Aim of the task ▸ From the first line to the last, retype everything below exactly, minus the pictures.

--- Data block Enclosed Below ---

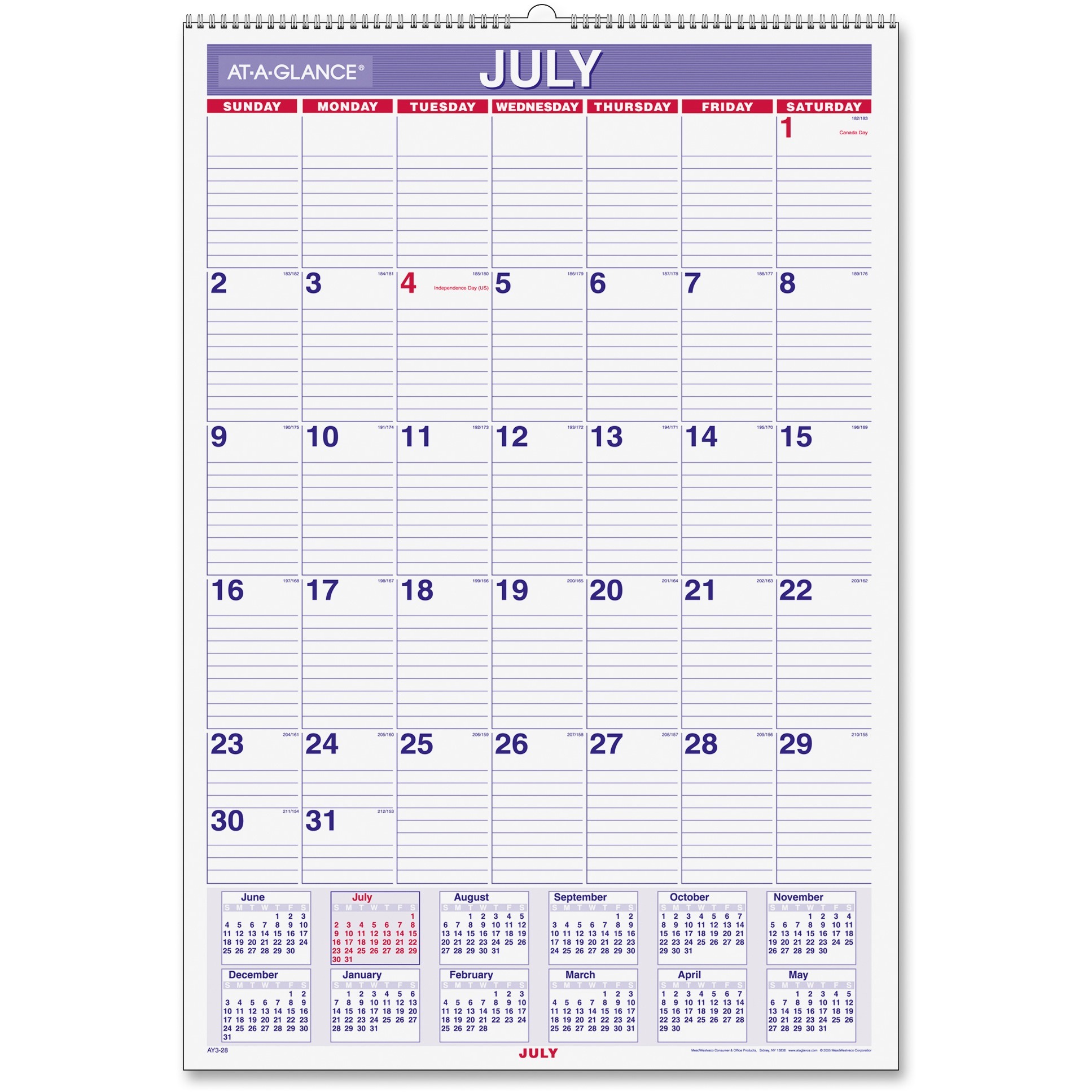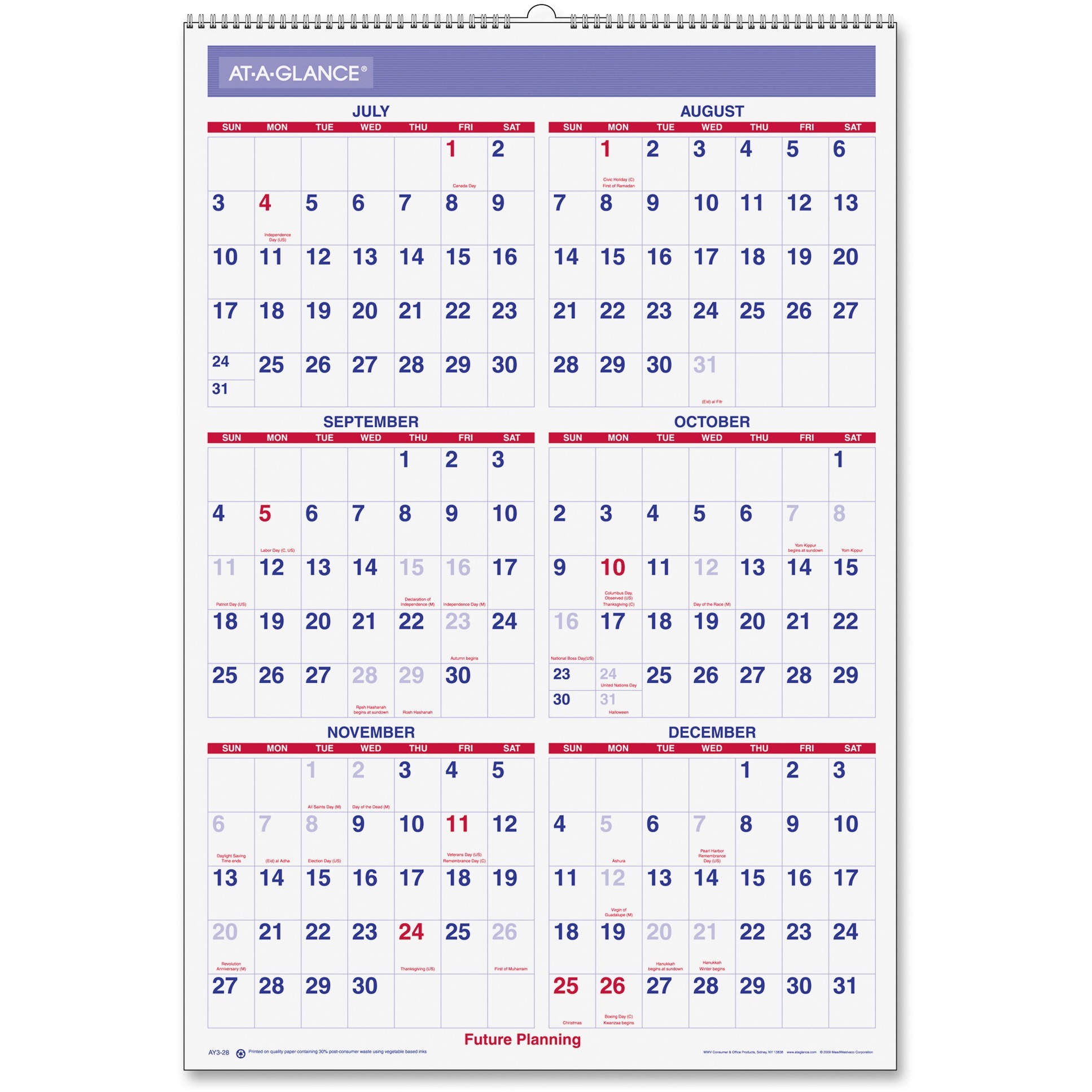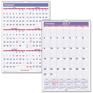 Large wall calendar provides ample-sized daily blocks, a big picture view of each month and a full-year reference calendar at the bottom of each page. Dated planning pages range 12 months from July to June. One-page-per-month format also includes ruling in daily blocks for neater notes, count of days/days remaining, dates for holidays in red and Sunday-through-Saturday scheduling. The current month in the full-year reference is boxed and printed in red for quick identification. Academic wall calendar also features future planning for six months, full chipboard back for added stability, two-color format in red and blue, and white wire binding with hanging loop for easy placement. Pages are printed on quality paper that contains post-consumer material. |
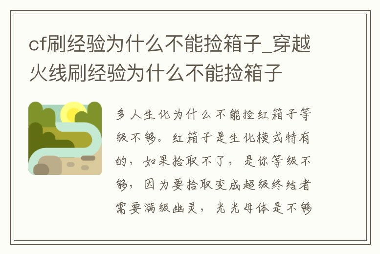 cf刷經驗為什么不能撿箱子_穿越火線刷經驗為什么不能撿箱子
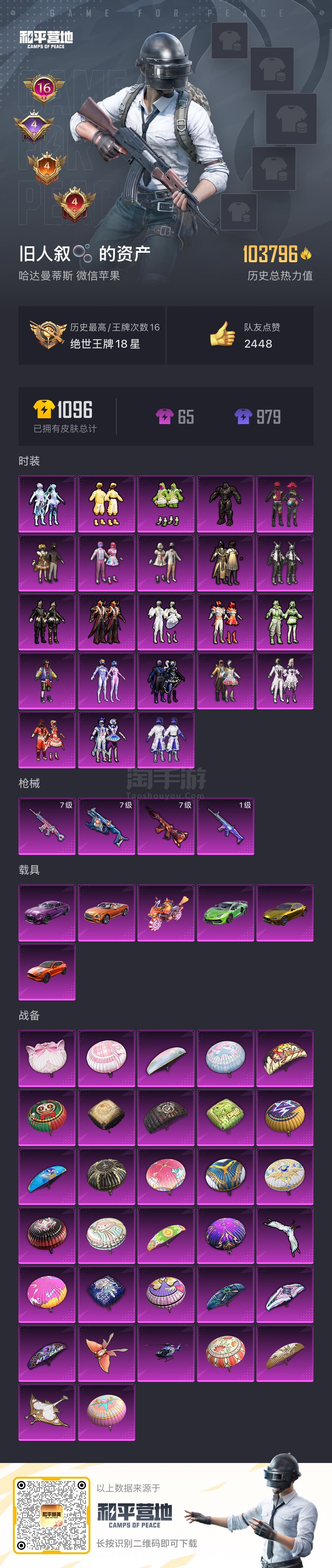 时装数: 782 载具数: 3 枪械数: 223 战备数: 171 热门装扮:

--- End of Enclosed Data block ---

Task solution ▸
 Large wall calendar provides ample-sized daily blocks, a big picture view of each month and a full-year reference calendar at the bottom of each page. Dated planning pages range 12 months from July to June. One-page-per-month format also includes ruling in daily blocks for neater notes, count of days/days remaining, dates for holidays in red and Sunday-through-Saturday scheduling. The current month in the full-year reference is boxed and printed in red for quick identification. Academic wall calendar also features future planning for six months, full chipboard back for added stability, two-color format in red and blue, and white wire binding with hanging loop for easy placement. Pages are printed on quality paper that contains post-consumer material. |
 cf刷經驗為什么不能撿箱子_穿越火線刷經驗為什么不能撿箱子
 时装数: 782 载具数: 3 枪械数: 223 战备数: 171 热门装扮:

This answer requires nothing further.